They remember Audrey Cunningham as a cheerful and friendly girl; A family friend is accused of her murder
(CNN) — Family and friends of Audrey Cunningham, the 11-year-old East Texas girl who was found dead after disappearing on her way to school, remembered her as a bright and friendly girl during a vigil Wednesday night near the river where her body was found. At the beginning of the week.
“It didn’t matter where he went or who he met, he just dazzled them,” said Brenda Seders, Audrey’s aunt. “He can always make you laugh, no matter what mood you’re in. It’s not fair that we should all be deprived of that.”
Audrey disappeared last Thursday morning after leaving her home in rural Livingston, Texas, with a family friend who had agreed to give her a ride to the school bus stop, authorities said. But the fifth-grader never boarded the bus or entered her classroom, sparking an intense five-day search that ended when her body, submerged alongside a large rock, was pulled from a local river, according to court documents.
The friend who was supposed to drive her to the bus stop, Don Steven McDougall, was charged Wednesday with premeditated murder in her death.
Audrey’s mother, Casey Matthews, said during the memorial that her grief has left her speechless. He called his daughter “perfection”.
“I was truly blessed to give birth to such a wonderful baby girl,” said the mother.
As dusk fell at the memorial service, a crowd dressed in purple, Audrey’s favorite color, held candles. Several bouquets of lavender and purple flowers were placed on tables decorated with clusters of balloons while children dressed in dresses, scrunchies and purple shoes walked around the gathering.

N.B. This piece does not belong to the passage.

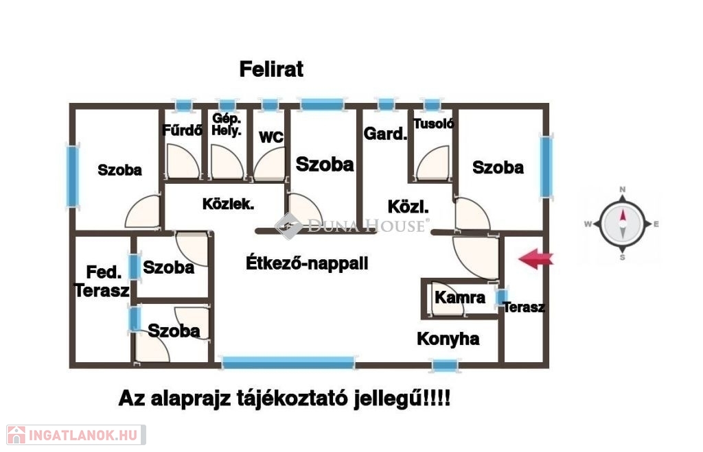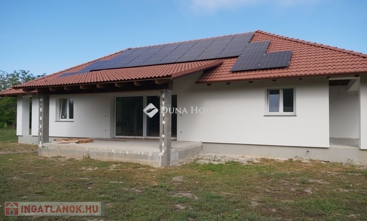 BESNYŐ CSENDES, ÚJ UTCÁJÁBAN LEHETŐSÉGEKBEN GAZDAG, ÚJ ÉPÍTÉSŰ CSALÁDI HÁZ ELADÓ!Az ingatlan Besnyőn található, Fejér megyében, Budapest és Dunaújváros között félúton. A település kiváló elhelyezkedésének köszönhetően gyorsan megközelíthető az M6-os autópályán keresztül, így mind a főváros, mind Székesfehérvár elérése kényelmes. Nyugodt, családias környezet, mégis közel a nagyvárosi lehetőségekhez.A település központjához közel, nyugodt lakóövezetben kínálunk megvételre egy nettó 189 m²-es , egyszintes családi házat, amelynek belső befejezése az új tulajdonos elképzeléseire vár. Igény esetén az eladó segítséget nyújt a kulcsrakész állapot elérésében is.Az ingatlant saját részre, egyedi tervek és átgondolt koncepció alapján építették.Műszaki jellemzők:Beton sávalapra épült, 30-as kerámia falazattal, kívülről 15 cm grafitos szigeteléssel.Fa födém, 35 cm kőzetgyapot szigeteléssel.Kontyolt nyeregtető, barna Bramac cserépfedéssel.Fűtés: hőszivattyús rendszer, padlófűtéssel.Napelem rendszer előkészítve.Közművek: villany, víz, csatorna (gáz nincs).Nyílászárók: modern műanyag szerkezetek.Belső elrendezés:ElőtérTágas nappaliétkezőkonyha, kamrával5 szoba (gardróbos hálószoba + teraszos szoba)2 fürdőszoba, külön WCHáztartási helyiség22 m²-es terasz és fedett előteraszEz a ház ideális választás azoknak, akik csendes, falusias környezetben, mégis kiváló közlekedési lehetőségekkel szeretnének élni. A tágas belső terek, a magas műszaki színvonal és a nagy, szeparált telek mind hozzájárulnak ahhoz, hogy valódi otthonra találjon benne új tulajdonosa.Amennyiben felkeltette érdeklődését, keressen bizalommal a hét bármely napján telefonon vagy e-mailben!Irodánk teljes körű ügyintézést kínál:díjmentes hitelügyintézés,kedvezményes jogi tanácsadás,ingatlan értékbecslés,Keressen bizalommal a hét minden napján.

Audrey had no problem making friends and was “friendly, very nice and very loving,” recalls Casey Evans, whose daughter went to school with her.
As many of his classmates and friends are now dealing with the fifth-grader’s death, Livingston School District Superintendent Brent Hawkins said in a statement that each child will have a different process.
“Any time you lose a child it’s catastrophic, but losing it the way we lost it was even more so. I have no words to describe it other than we had a brush with evil,” Hawkins told CNN affiliate KPRC. said to
Evans said she initially struggled to answer her children’s questions about whether Audrey had been found, and now she has to tell them she will never come home.
“How do you sit there and tell your kids… that they’re not going to meet their friend?” she said. “How do you explain it?”
The suspect lived on the family’s property
Polk County officials said the suspect, McDougall, was a friend of Audrey’s father who lived in a trailer on his family’s property and sometimes drove the girl to the neighborhood school bus stop.
McDougal agreed to take Audrey to catch her bus Thursday morning, but she was never seen at the bus stop and her bright red Hello Kitty backpack-like bag was later found near a local dam, according to researchers.
He was a key figure in her disappearance as authorities frantically searched the town, about 110 miles northeast of Houston, he said. Sheriff Byron Lyons said McDougall was seen assisting in the search effort, knocking on doors in the neighborhood and asking if anyone had seen Audrey.
Audrey’s body was found the following Tuesday in the Trinity River, downstream from the reservoir near where the backpack was found. It was one of several places McDougal told investigators he had been around at the time of his disappearance, Lyons said.
According to the criminal complaint, a large rock was tied to the boy’s body with rope “consistent with the rope seen on McDougall’s vehicle in the traffic stop two days earlier.”
No other details about the condition of his remains have been provided, and the Harris County Medical Examiner’s Office is working to determine his cause of death.
According to the criminal complaint, citing video footage, cellphone data and forensic evidence, investigators believe McDougall lied about Audrey’s whereabouts and activities on the day she disappeared.
In the days following Audrey’s disappearance, McDougal claimed in several social media comments that he was not to blame for her disappearance and apparently “did nothing wrong” based on activity on the suspect’s Facebook account.
“I’m not guilty,” reads a comment from the account below a post on the “True Crimes Society” Facebook page the day after Audrey was reported missing.
“I was there and was questioned. I’m not running or hiding,” an account apparently linked to McDougall wrote under a post on Friday. He again commented, “I did everything I could to help find him. I did nothing wrong.”
McDougal has an extensive criminal history dating back to the early 2000s, including convictions for violent crimes and for luring a minor, according to court records.
He was convicted in 2007 of enticing a minor in Brazoria County, Texas. Court records show he pleaded not guilty and was sentenced to two years in prison, but was given credit for 527 days served.
Online records do not detail the specific charges in the case, but the state defines the crime as “the intent to interfere with the legal custody of a minor under the age of 18” when a person “lures, persuades or leads the minor into the custody of a parent or guardian.”
When McDougall was charged Wednesday in Audrey’s death, he was already in jail in connection with an unrelated assault case. He is being held without bail on charges of capital murder.
Neither court documents nor jail records filed Wednesday list McDougall’s attorney.
— CNN’s Andy Rose, Raja Razek, Holly Yan, Rosa Flores and Sara Weisfeld contributed to this report.